• [Provided data]

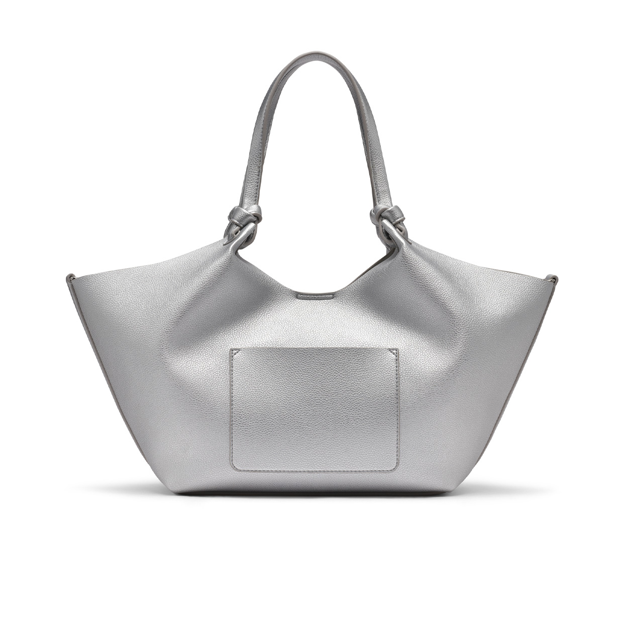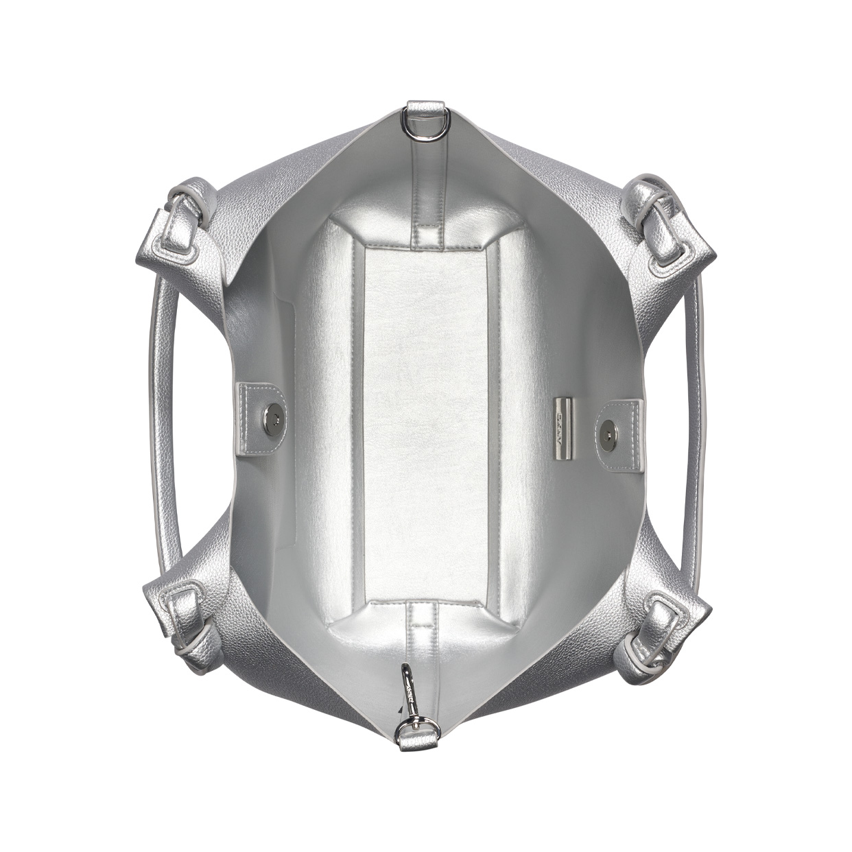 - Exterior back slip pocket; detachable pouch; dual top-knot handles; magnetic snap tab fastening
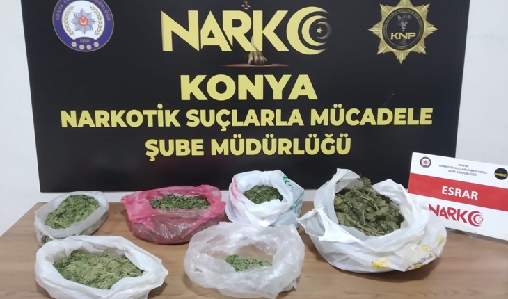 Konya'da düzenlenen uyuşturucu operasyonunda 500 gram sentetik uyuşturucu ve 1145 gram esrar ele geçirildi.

--

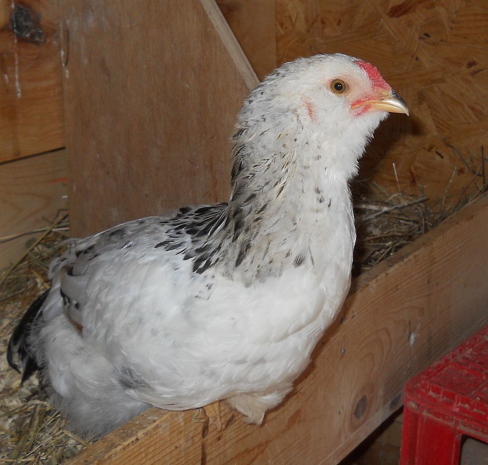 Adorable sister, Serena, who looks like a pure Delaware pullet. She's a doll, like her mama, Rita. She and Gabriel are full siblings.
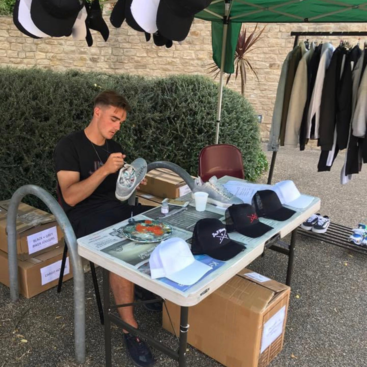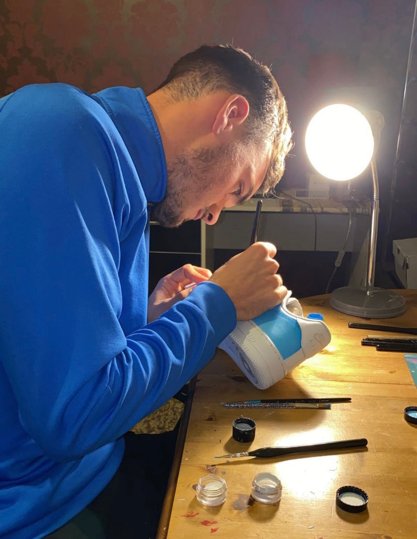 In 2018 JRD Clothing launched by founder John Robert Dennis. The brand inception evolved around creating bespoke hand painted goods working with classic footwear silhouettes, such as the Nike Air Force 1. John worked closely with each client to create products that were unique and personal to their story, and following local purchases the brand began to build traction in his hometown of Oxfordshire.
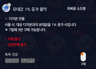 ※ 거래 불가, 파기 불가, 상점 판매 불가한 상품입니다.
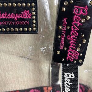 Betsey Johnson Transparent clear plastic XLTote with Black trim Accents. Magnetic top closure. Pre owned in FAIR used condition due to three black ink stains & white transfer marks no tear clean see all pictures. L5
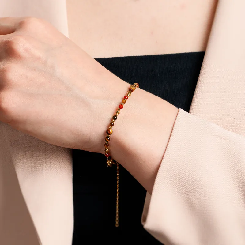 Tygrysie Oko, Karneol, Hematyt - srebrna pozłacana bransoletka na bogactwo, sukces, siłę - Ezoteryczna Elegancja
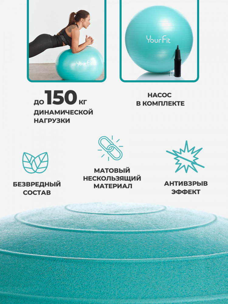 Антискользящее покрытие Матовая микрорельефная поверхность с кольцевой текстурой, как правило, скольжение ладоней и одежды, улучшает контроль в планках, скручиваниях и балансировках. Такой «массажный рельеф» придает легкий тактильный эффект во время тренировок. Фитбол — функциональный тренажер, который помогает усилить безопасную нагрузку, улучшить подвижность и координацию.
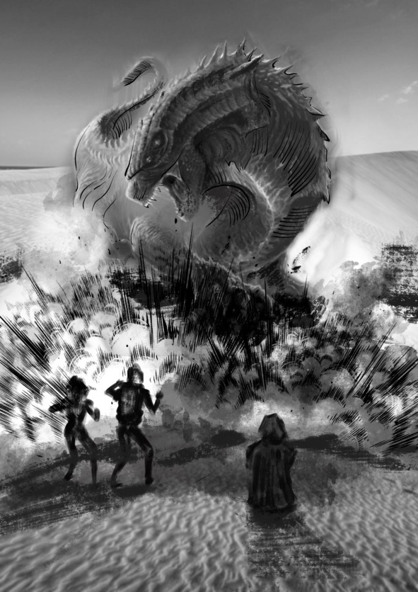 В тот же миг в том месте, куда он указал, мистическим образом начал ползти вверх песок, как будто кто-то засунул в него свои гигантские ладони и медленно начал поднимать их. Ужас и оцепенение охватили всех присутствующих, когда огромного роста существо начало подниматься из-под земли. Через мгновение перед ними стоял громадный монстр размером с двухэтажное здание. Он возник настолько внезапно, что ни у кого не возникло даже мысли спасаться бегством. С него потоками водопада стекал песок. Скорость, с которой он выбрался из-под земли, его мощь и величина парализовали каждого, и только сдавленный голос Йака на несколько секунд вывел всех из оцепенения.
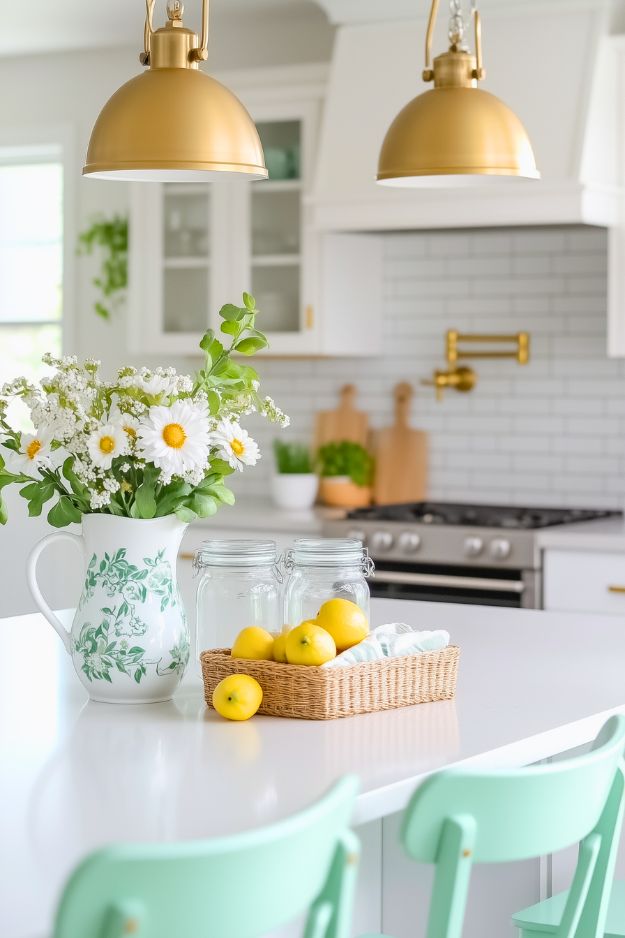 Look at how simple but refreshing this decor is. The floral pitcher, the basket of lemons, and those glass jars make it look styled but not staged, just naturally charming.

• [Task goal] Leaving out all pictures, set down exactly the lines of the material above, from the line with "- Exterior back" to the line with "Konya'da düzenlenen uyuşturucu" inclusive, and no others.

• [Task response]
 - Exterior back slip pocket; detachable pouch; dual top-knot handles; magnetic snap tab fastening
 Konya'da düzenlenen uyuşturucu operasyonunda 500 gram sentetik uyuşturucu ve 1145 gram esrar ele geçirildi.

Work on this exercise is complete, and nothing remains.